Impressively, he attributes Sir David Attenborough as his mentor.  A glimpse at almost any Australian television station’s current programming will attest to the value of Sir D as a role model, not least because even on the box he seems to enshrine a good many of the principles that Dr Medina describes.

These include never retiring, engaging socially with others, eating sensibly and keeping mobile, sleeping appropriately, being sure to reminisce, and, wait for it, training your brain with video games.
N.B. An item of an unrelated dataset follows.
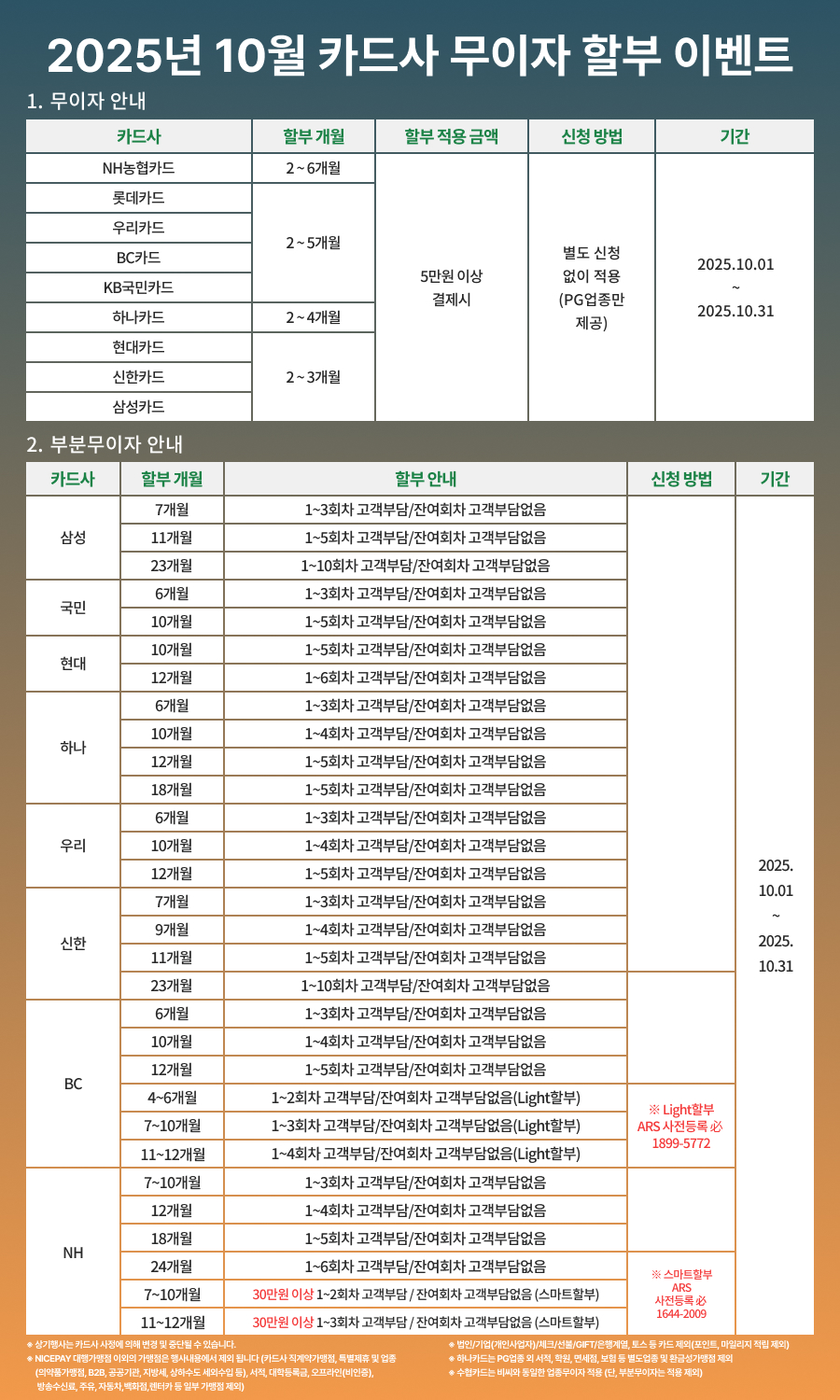 파고다인강 2025년 10월 신용카드 무이자/부분무이자 할부

A specially designed program, NeuroRacer is highly recommended.

Falling is something to be particularly avoided, as it is “not a trivial issue for the elderly,” as he hardly needs to reminds us, “for the two reasons they care about most: head injuries and bank accounts.”
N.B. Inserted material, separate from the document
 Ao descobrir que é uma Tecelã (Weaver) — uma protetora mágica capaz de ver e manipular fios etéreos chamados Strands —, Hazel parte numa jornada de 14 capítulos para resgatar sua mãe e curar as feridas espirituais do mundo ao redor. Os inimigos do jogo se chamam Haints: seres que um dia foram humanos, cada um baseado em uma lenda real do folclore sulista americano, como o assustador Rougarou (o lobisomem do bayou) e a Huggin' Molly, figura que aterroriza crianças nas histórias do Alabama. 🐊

And the public health budget, one might add.

Proven prevention strategies include dancing of any kind, as well as such forms of ritualised movement instruction as Tai Chi.

This is much more than the usual self-help book, or a list of bleeding-obvious advice.

“I am going to use brain science to show how you can make life a surprisingly fulfilling experience - at least for your brain - in the years you have left… When it comes to causes of ageing, wear and tear is less detrimental than a failure to repair. And it is not inevitable that your mind will power down as the years pass.

“If you follow the advice in this book, your brain can remain plastic, ready to study, ready to explore, and ready to learn at any age.”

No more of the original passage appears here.